Я остановилась, позволив Майклу молча изучать меня, как редкий экспонат зоопарка. Так мы простояли немыслимо долго, в узеньком коридорчике между входом в ванную и зеркальным стенным шкафом, дробившим и множившим наши отражения. Потом Майкл сделал шаг вперед, неуверенно, как по канату, стиснул мои плечи и поцеловал с остервенелой
Нам не хватило воздуха, чтобы продолжить это занятие до бесконечности. Со звоном в ушах мы опустились на диван, не глядя друг на друга и впав в столбняк немоты.

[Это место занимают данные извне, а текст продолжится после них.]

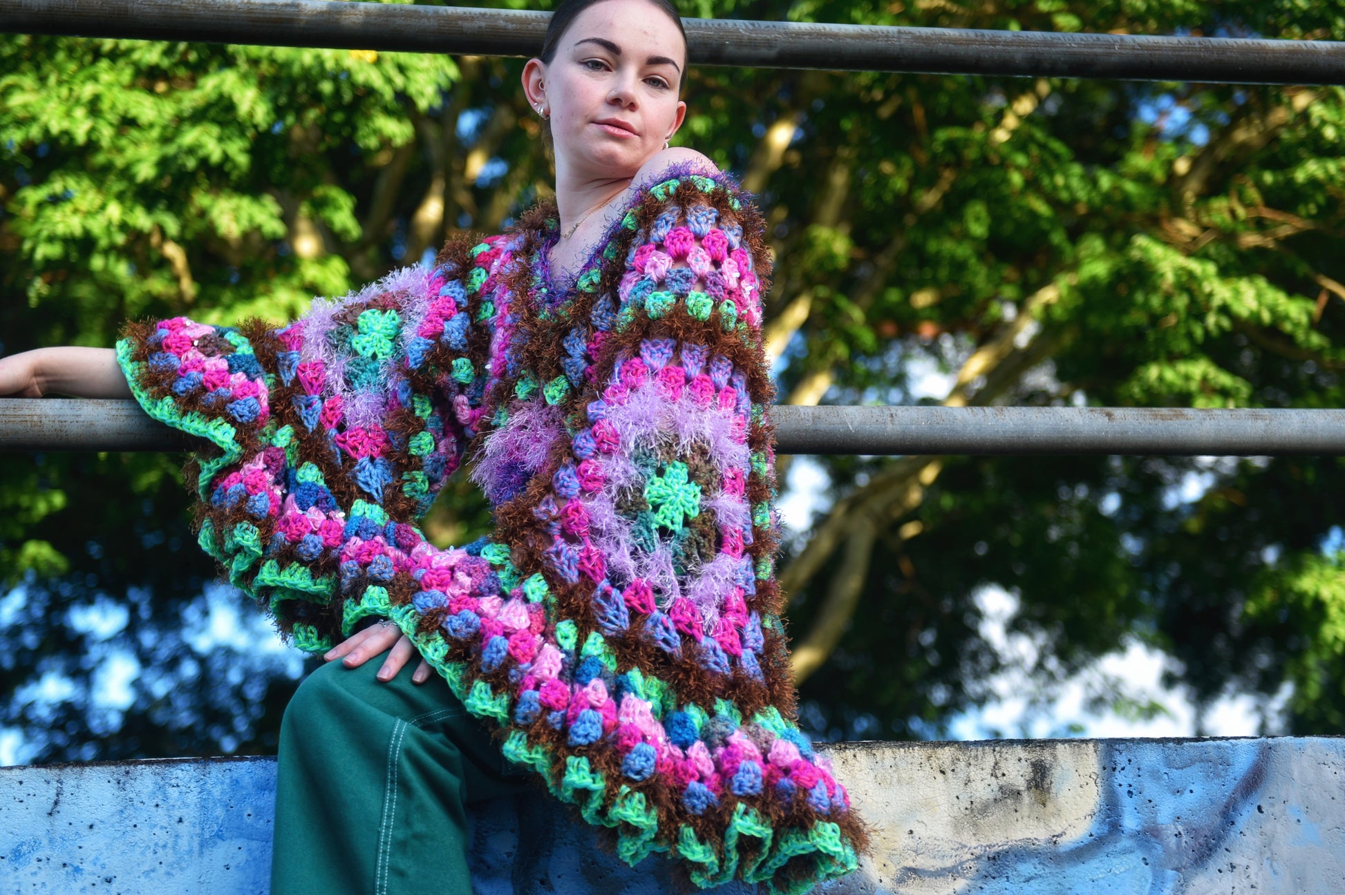 “4am” was named after ColourPuff Girl’s favourite time of day. At 4am the studio is its most peaceful, basking in the morning sun and bursting with rainbows. At 4am Colourpuff Girl feels the most alive and creative. The colours are a play on feeling cozy and comfortable wrapped up in blankets having a sleep in versus early morning energetic starts. The contrast between the fluorescent and muted tones adds to the electricity of this piece. The ruffle sleeves flow like morning light bursting through the trees and if you’re feeling magical you can twirl and watch them swirl with you.

— Прости, прости, девочка, — наконец выдавил Майкл, сжимая ладонями голову. — Я думал, что умру без тебя. Уже умирал, только делал вид, что жив… Я видел тебя всюду, всегда: во сне, наяву. Это не имело значения, засыпал я, пил чай, шел по улице или играл, — я видел только тебя… И ехал сюда, чтобы найти… Нет, просто быть рядом… Нет, не знаю, я ни на что не рассчитывал…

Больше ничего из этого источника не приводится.